Present study leads to the identification of QYr.iiwbr-5B on short arm of chromosome 5B with flanking DArT markers (1376633|F|0–1207571|F|0), peak located with XWmc745 marker explaining 34.1 % phenotypic variation with mean rAUDPC value. Mallard et al. (2005) identified two QTL (QYr. inra-5B.1 and QYr. inra-5B.2) with SSR loci Xgwm544 in Camp Remy which mapped to the telomeric region on the long arm of chromosome 5B.

Riley et al. (1967) and Badaeva et al. (2007) reported that Cappelle–Desprez carries the reciprocal, centromeric translocations 5BL–7BL and 5BS–7BS. Its parentage (vilmorin and Hybride du Joncquois) also possesses this translocation (Worland and Law 1986; Law and Worland 1997). Boukhatem et al. (2002), however, in their study, did not identify any QTL on chromosome 5B in Camp Remy. Stripe rust resistance QTL on chromosome 5B have also been detected in the Italian cvs Libellula and Strampelli (Lu et al. 2009), the Israeli cv. Oligoculm (Suenaga et al. 2003), the Australian cv. Janz (Bariana et al. 2010) and the French cv. Flinor (Feng et al. 2011). Feng et al. (2011) identified two QTLs on chromosome 5B which are expressed at the seedling stage and at higher temperatures (QYr-tem-5B.1 and QYr-tem-5B.2) in Flinor. Flinor has ancestral relationship with Cappelle–Desprez and one of these QTL, QYr-tem-5B.1, overlaps with the region defining QYr.ufs-5B. QYr-tem-5B.1 explained up to 33 % of the phenotypic variation in Flinor.

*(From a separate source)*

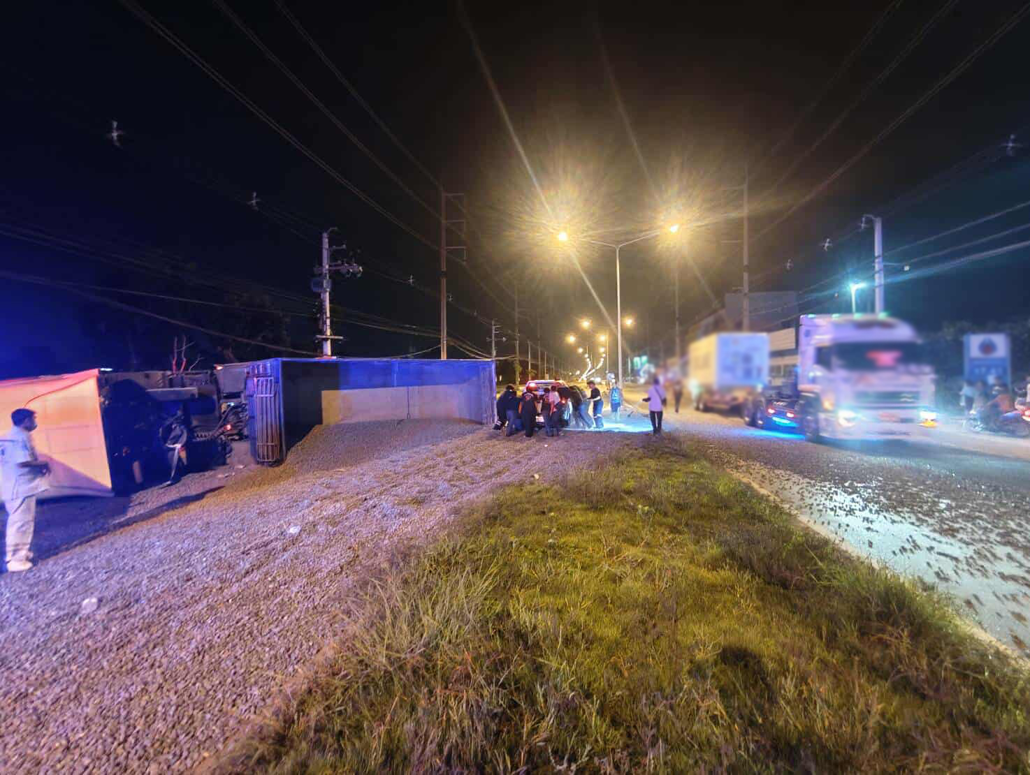 เวลา 23.30 น. วันที่ 30 กรกฎาคม 2568 รับแจ้งว่ามีอุบัติเหตุ ถนนเลียบคลอง 7 เข้ามาจากลำลูกกา มาประมาณ 300 เมตร มีรถพ่วง 18 ล้อ รถกระบะ และรถนั่งส่วนบุคคล ชนกัน แล้วรถพ่วง 18 ล้อพลิกตะแคง มีหินกรวดที่บรรทุกมาตกเหลื่อนบนพื้นผิวถนน กีดขวางฝั่งมุ่งหน้าถนนรังสิต-นครนายก ทุกช่องทาง มีผู้บาดเจ็บ 3 ราย อาสาสมัครนำส่ง รพ.ใกล้เคียงแล้ว

Present investigation, also, mapped a minor QTL region on chromosome 2D with significant LOD value. QYr.iiwbr-2D, although defined by a smaller marker interval with flanking SSR markers (Xgwm102Xcfd73), was found contributing less significantly to the explained phenotypic variance i.e., 20.1 % with rAUDPC mean value of both the years. Mallard et al. (2005) identified a QTL (QYr.inra-2DS) near to the centromere on 2DS in the cv. Camp Rémy between marker loci Xgwm102 and Xgwm539 explaining 24–69 % phenotypic variance, although the reason for explained low phenotypic variance may be probably due to differences in environmental conditions or influenced by genetic background.

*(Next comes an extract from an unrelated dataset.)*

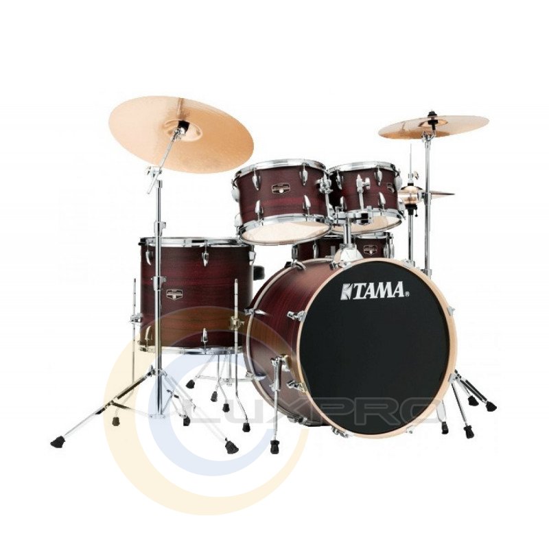 TAMA IE58H6W-BWW - ударна установка з 5 барабанів серії Imperialstar, матеріал тополя 8мм, 6-шарові, конфігурація 18х14, 10х7 і 12х8, 14х13, 14х5, набір хардвера (стійки, педаль, стілець, подвійний тому-холдер), фурнітура хром, колір Burgundy Walnut Wrap.Характеристики:

Worland and Law (1986) and Worland et al. (1988) suggested that Yr16, gene is located on the centromeric region of chromosome 2D and this was further confirmed through cytogenetic analysis. Devos et al. (1993) and Agenbag et al. (2012) placed the gene 9.3 cM from the centromere between RFLP marker loci Xpsr641-2D and Xpsr681-2D on a consensus map, Ta-Gale-2D (http://wheat.pw.usda.gov/GG2/index.shtml).

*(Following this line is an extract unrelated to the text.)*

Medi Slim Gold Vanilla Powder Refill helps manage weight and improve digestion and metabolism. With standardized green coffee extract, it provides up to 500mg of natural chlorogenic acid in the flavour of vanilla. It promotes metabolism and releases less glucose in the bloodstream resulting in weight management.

Bariana et al. (2001) reported temperature-sensitive seedling resistance, YrCK on chromosome 2D in the Australian cv. Cook and a derivative, cv. Sunco explaining 13–19 % of the phenotypic variance for stripe rust and 9–13 % of the phenotypic variance for leaf rust resistance (Navabi et al. 2005). QYr.caas-2DS, explaining 8.4–12.1 % of the phenotypic variance, was identified in the Italian cv. Libellula, (Lu et al. 2009), while Suenaga et al. (2003) detected QTL explaining less than 10 % of the phenotypic variance in the cv. Oligoculm in this region on 2DS. Stripe rust resistance QTL were identified and mapped on the short arm of chromosome 2D, close to the QYr.ufs-2D in the UK cvs Guardian (Melichar et al. 2008) and Claire (Powell 2010), both of which have Cappelle–Desprez in their pedigrees.

Present investigation confirms the effectiveness of genomic regions on chromosome 2D and 5B for stripe rust pathotypes in our population in Indian conditions. These may be exploited for enhancing the level of resistance against stripe rust in the cultivated wheat germplasm through marker assisted selection.